_WHAT THIS TASK INVOLVES_:
Pictures stay out of the copy. Retype exactly the lines below from the one with "SU SANTIDAD ARZOBISPO" through the one with "Рис. 1. Коронавирус в Индии.".

_EXERCISE MATERIALS_:
+++

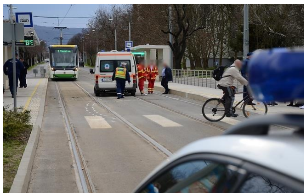
7. ábra. OMSZ mentő-gépkocsi gyalogos gázolása [9]
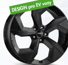
DEZENT AO black 19", 20"
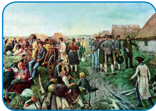
Cesari Karol III., Marija Terezija ino Jožef II. so na vöspraznjeno Vogrsko nutpozvali več stau gezero Nemcov («Švabov»)

Če rejsan je Karol III. vse pripravo za svojo čér, je včasik vövdarila bojna z drugimi
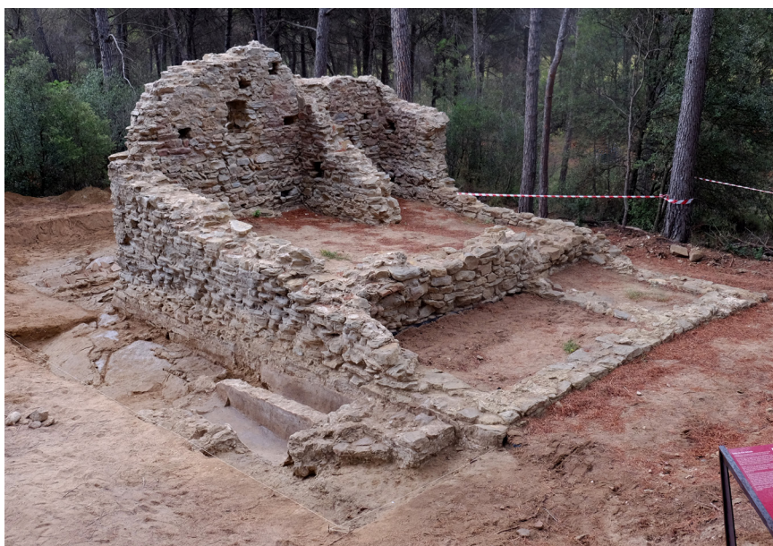
>> Edifici funerari al nord del puig Margodell en finalitzar la intervenció arqueològica de setembre de 2017.
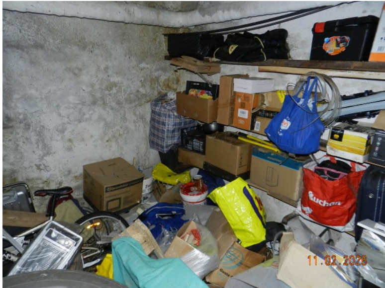
UNA VEDUTA DEL LOCALE
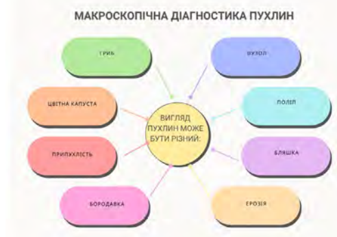
Рис. 1 – Макроскопічна діагностика пухлин (ментальна карта)

На рисунку 1 та 2 структуровано зображено матеріал за допомогою інтелект-карт з предмету патоморфологія, практичного заняття студентів третього курсу спеціальності Медицина на тему «Загальне вчення про пухлини. Морфологічні особливості пухлин з тканин, що походять з мезенхіми».
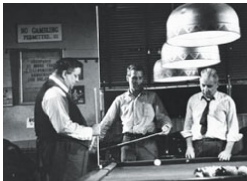
За рубежом в силу русского бильярда поначалу никто не верил
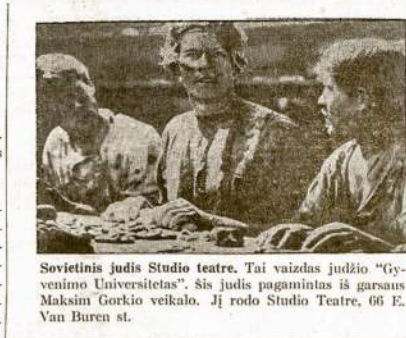
Sovietinis judis Studio teatre. Tai vaizdas judžio "Gy- venimo Universitetas". Šis judis pagamintas iš Garsaus Maksim Gorkio veikalų. Jį rodo Studio Theatre, 66 E. Van Buren st.

"Chicago Tribune" šeštadienį pasirodė aprašymai, kad buvusį kompanijų unijų perditinai laikus susirinkimus ir perėina į ADF skrynius. Jeigu tas teisybė ir jeigu ADF viršininkai tokius žingsnius daro, tai lik parodys, kaip jie tarnauja fabrikantam ir kenkia darbininkams susiorganizuoti. Streikietyrs.
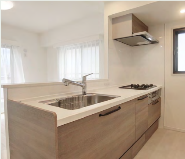
扉カラー：エルムモカ
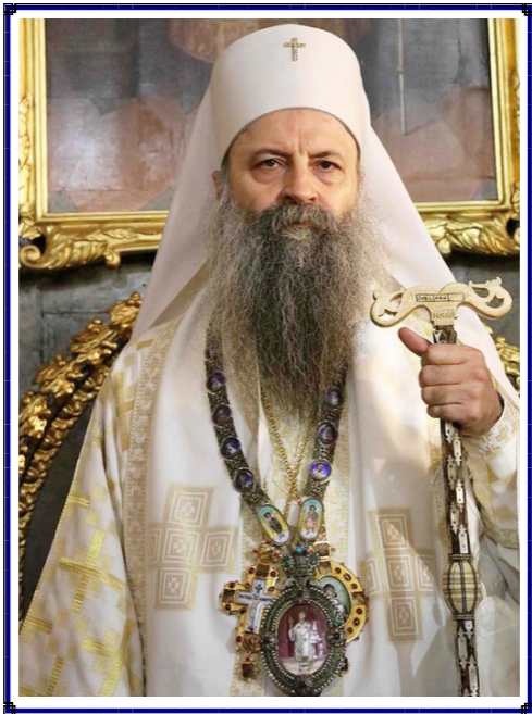
SU SANTIDAD ARZOBISPO DE PECH, METROPOLITA DE BELGRADO Y KARLOVAC Y PATRIARCA SERBIO PORFIRIJE
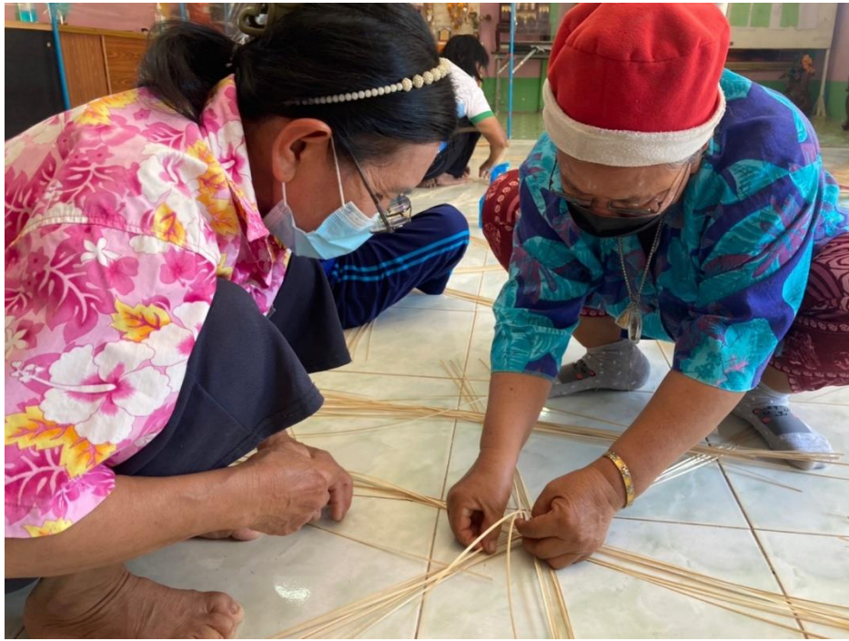
ลงมือปฏิบัติสานฝาชีจากไม้ไผ่

ณ ศาลาอเนกประสงค์บ้านบางพะเนียง ตำบลคูยายหมี อำเภอสนามชัยเขต จังหวัดฉะเชิงเทรา
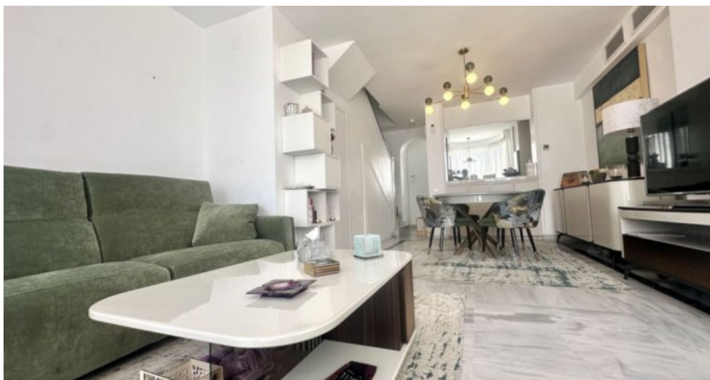
Zu Verkaufen: Appartement in Marbella am Strand der Costa del Sol
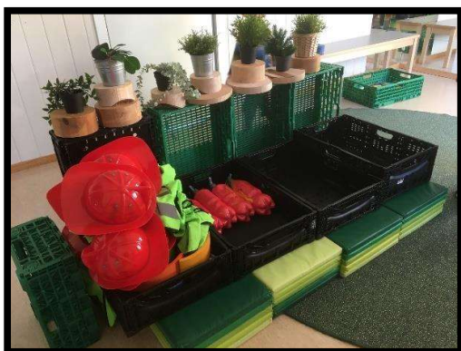
BARNA HAR LAGA SIN EGEN BRANNBIL, KLAR TIL UTRYKNING.
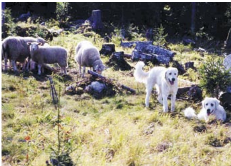
Ovan: Polski Owczarek Podhalanski.
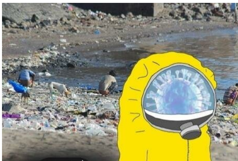
Рис. 1. Коронавирус в Индии.

Путем информационного анализа интернет-источников удалось выявить и представить интернет-мемы о распространившемся коронавирусе глазами людей в разных странах [17]. Мы собрали несколько интернет-мемов о коронавирусе, показывающих социальную сущность этого страшного явления XXI века, которое может восприниматься и с юмором, не всегда всерьез [3, 7, 12].
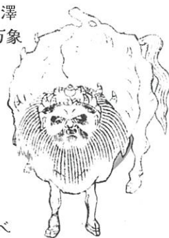
ツアーガイドハクタク

本展のツアーガイドを務める白澤(ハクタク)は、人語を解し、森羅万象に通ずる神獣です。『旅行用心集』では、牛のような体に、人面のような容貌と複数の角を有する姿で描かれています。著者の八隅蘆庵は、この白澤の図を懐に入れておけば、あらゆる災厄や病気を免れ、幸運を招くなどあまたのご利益があるため、旅中は最も敬うべきであると解説しています。
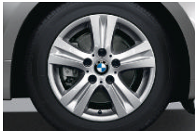
Lichtmetalen BMW wielen in dubbelspaak styling 222 met noodloopeigenschappen, 7 J x 16 inch, bandenmaat 205/55 R 16.
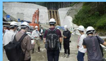
砂防堰堤工事現場見学
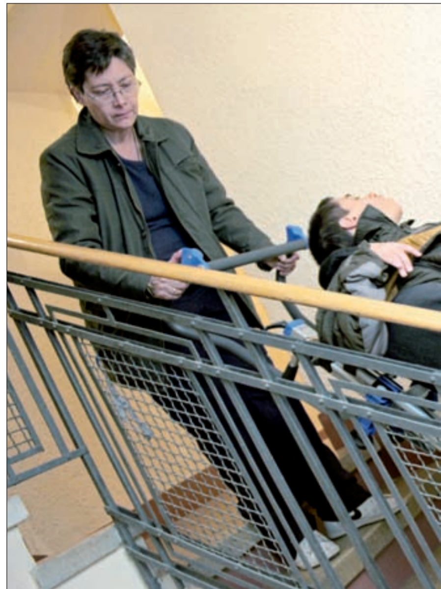
Una madre baja a su hijo en silla de ruedas por la escalera

La citada aplicación compete a los Gobiernos autonómicos, pero bajo el paraguas del Gobierno estatal por lo que el com-
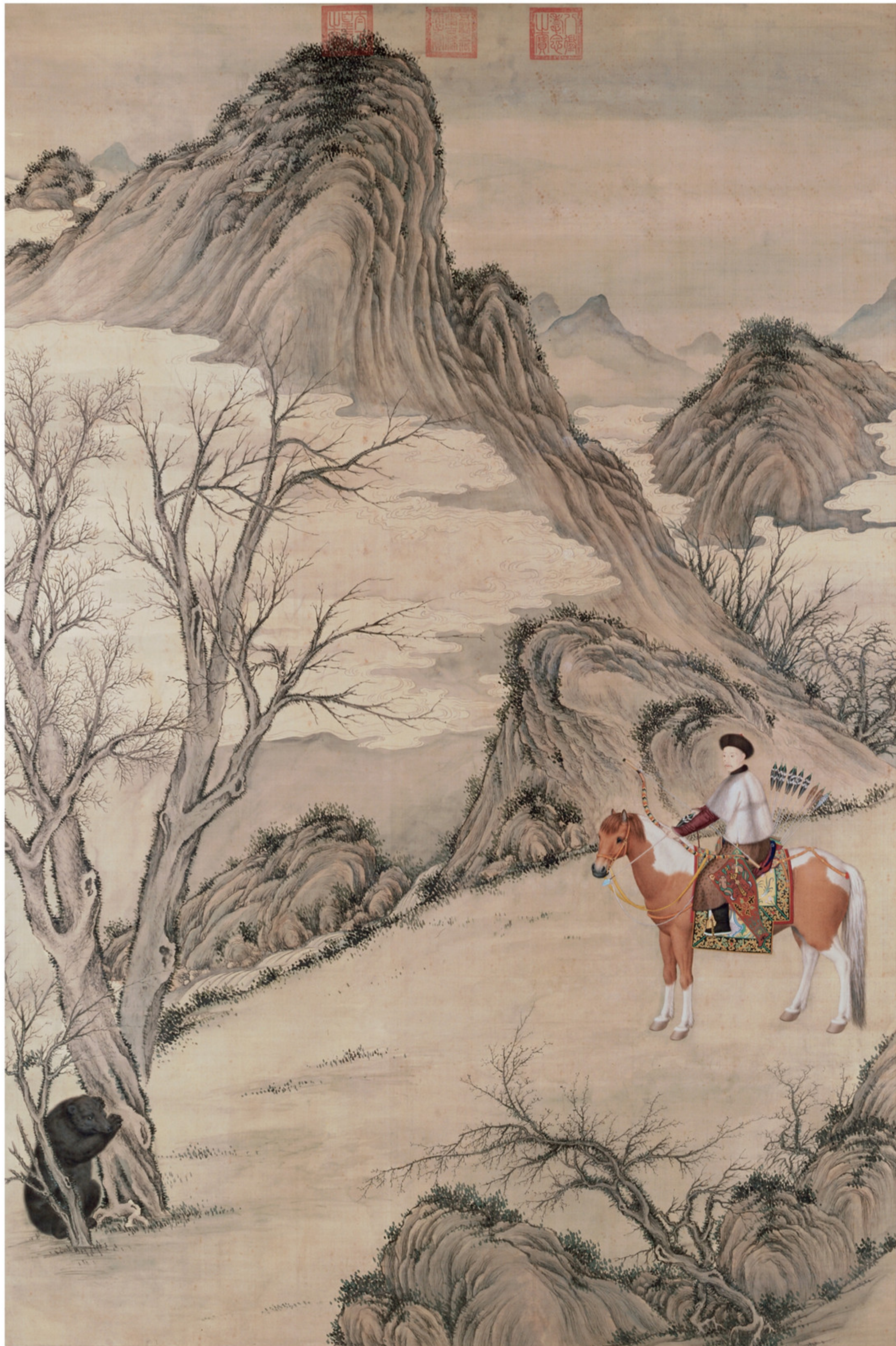
清人绘 弘历骑熊图像轴 绢本设色 纵二五九厘米 横一七一·六厘米 故宫博物院藏
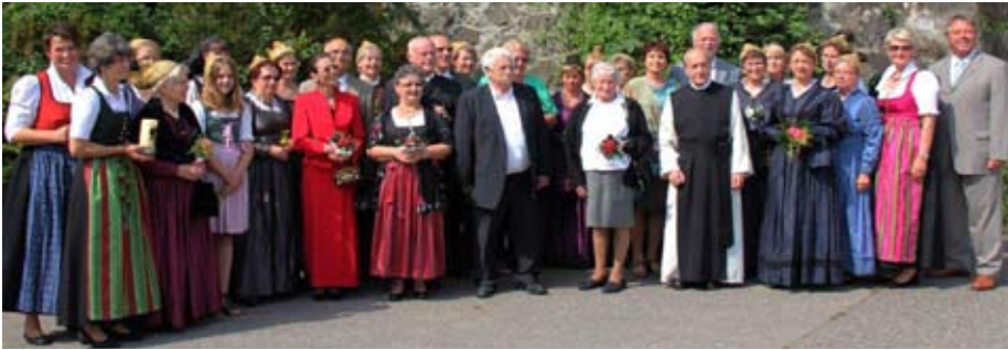
Die Goldhauben mit den Jubelpaaren

Am 14. Juni 2015 feierten die Goldhaubengruppen mit den Paaren das Jubiläum in der Stiftskirche Wilhering.
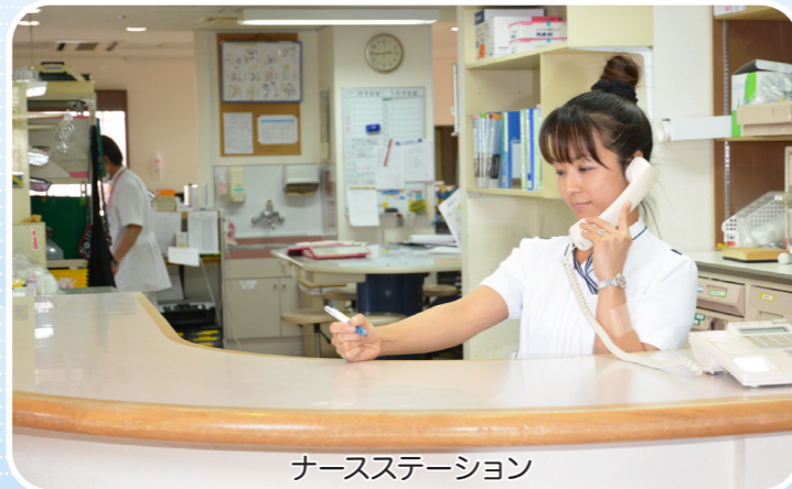
ナースステーション

再生不良性貧血や特発性血小板減少症、骨髄異形成症候群などの診療を行っております。
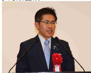
▲事務所長による事業説明 ▲木村次郎衆議院議員の挨拶
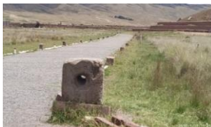
Figura 13: amplificador sonoro.

+++

_RESULT OF THIS EXERCISE_:
SU SANTIDAD ARZOBISPO DE PECH, METROPOLITA DE BELGRADO Y KARLOVAC Y PATRIARCA SERBIO PORFIRIJE
ลงมือปฏิบัติสานฝาชีจากไม้ไผ่

ณ ศาลาอเนกประสงค์บ้านบางพะเนียง ตำบลคูยายหมี อำเภอสนามชัยเขต จังหวัดฉะเชิงเทรา
Zu Verkaufen: Appartement in Marbella am Strand der Costa del Sol
BARNA HAR LAGA SIN EGEN BRANNBIL, KLAR TIL UTRYKNING.
Ovan: Polski Owczarek Podhalanski.
Рис. 1. Коронавирус в Индии.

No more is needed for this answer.